Хуана безумно ревновала своего мужа, и ходили слухи об ужасных приступах ярости, когда она подозревала его в неверности. Единственным желанием Филиппа было избавиться от жены и сбежать от скучного и ханжеского двора Испании, что он и сделал, оставив одинокую Хуану жертвой терзавших ее мыслей, которые в конце концов повредили ее разум. Последние двенадцать месяцев жизни Изабеллы прошли рядом с истеричной дочерью, впадавшей то в депрессию, то в ярость, о которой Петр Мартир говорит: «как у львицы Карфагенской». Единственной мыслью Хуаны было вернуться к Филиппу и навязать ему свою любовь. Однажды ночью она попыталась убежать из замка в ночной сорочке и, отказавшись возвращаться в свои покои, простояла полуголая, вцепившись в ограду, весь день и всю следующую ночь на пронизывающем ноябрьском ветру. Перед толпой придворных, солдат и слуг бедная больная королева выслушивала жестокую брань своей дочери, вцепившейся в железные прутья. Именно с этого момента Хуана стала известна как Juana la Loca, Хуана Безумная.

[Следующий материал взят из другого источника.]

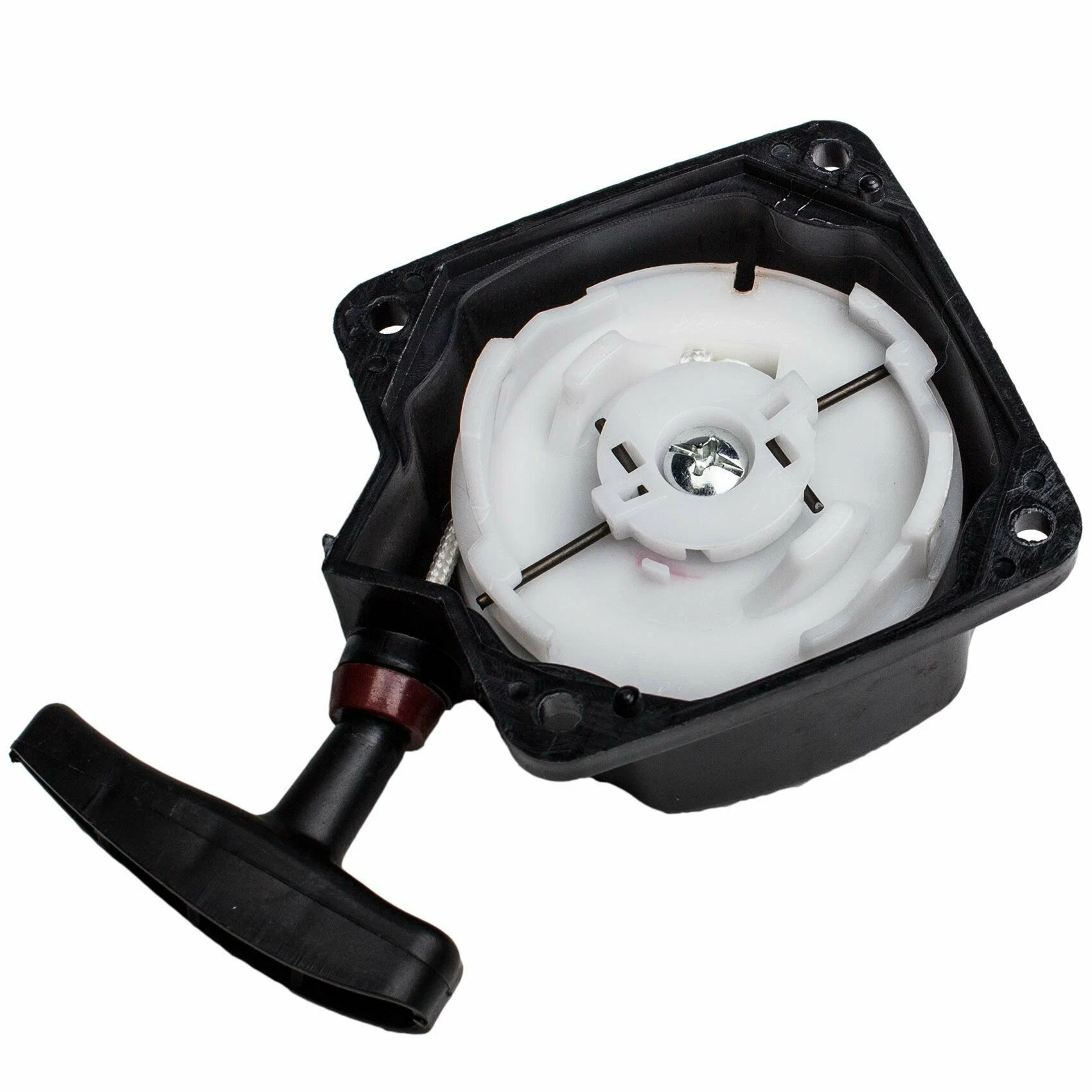Название: Стартер для мотокосок 33/43/52 см³ с метал. усом Стартер ручной для мотокосоки, триммеров, бензобуров и другого бензоинструмента с объемом двигателя от 33 до 52 см3. Расстояние между посадочными местами – 66 мм, высота – 37 мм. Имеет два металлических усика, что обеспечивает надежность и прочность при запуске двигателя инструмента. Изготовлен из качественной пластмассы, что гарантирует долговечность и надежность в использовании. Подходит для следующих моделей триммеров: HUMER, Red Verg, PROMO, PBC-52 Patriot, Home Garden, PT443, The One, Парма, практик, БТК-052 и PROMO PBC-52. Также может использоваться для сборки мотобуров, садового триммера и мотобура.

Наконец в марте 1504 года, когда Испания и Франция заключили перемирие и для Хуаны стало возможным совершить морское путешествие, ей позволили уехать во Фландрию. Слухи о ее безумствах скоро дошли до Испании и покрыли Фердинанда и Изабеллу позором. Подозревая, что Филипп изменяет ей с красивой девушкой с длинными светлыми волосами, Хуана напала на нее и обрезала волосы — как говорят, публично. Изабелла ослабела от этих непрестанных бед и умерла в ноябре того же года, беспокоясь о «несчастных индейцах в Америке» и своей безумной дочери во Фландрии. В дополнении к завещанию она указала, что если Хуана окажется непригодной к управлению страной, Фердинанд должен сделаться регентом.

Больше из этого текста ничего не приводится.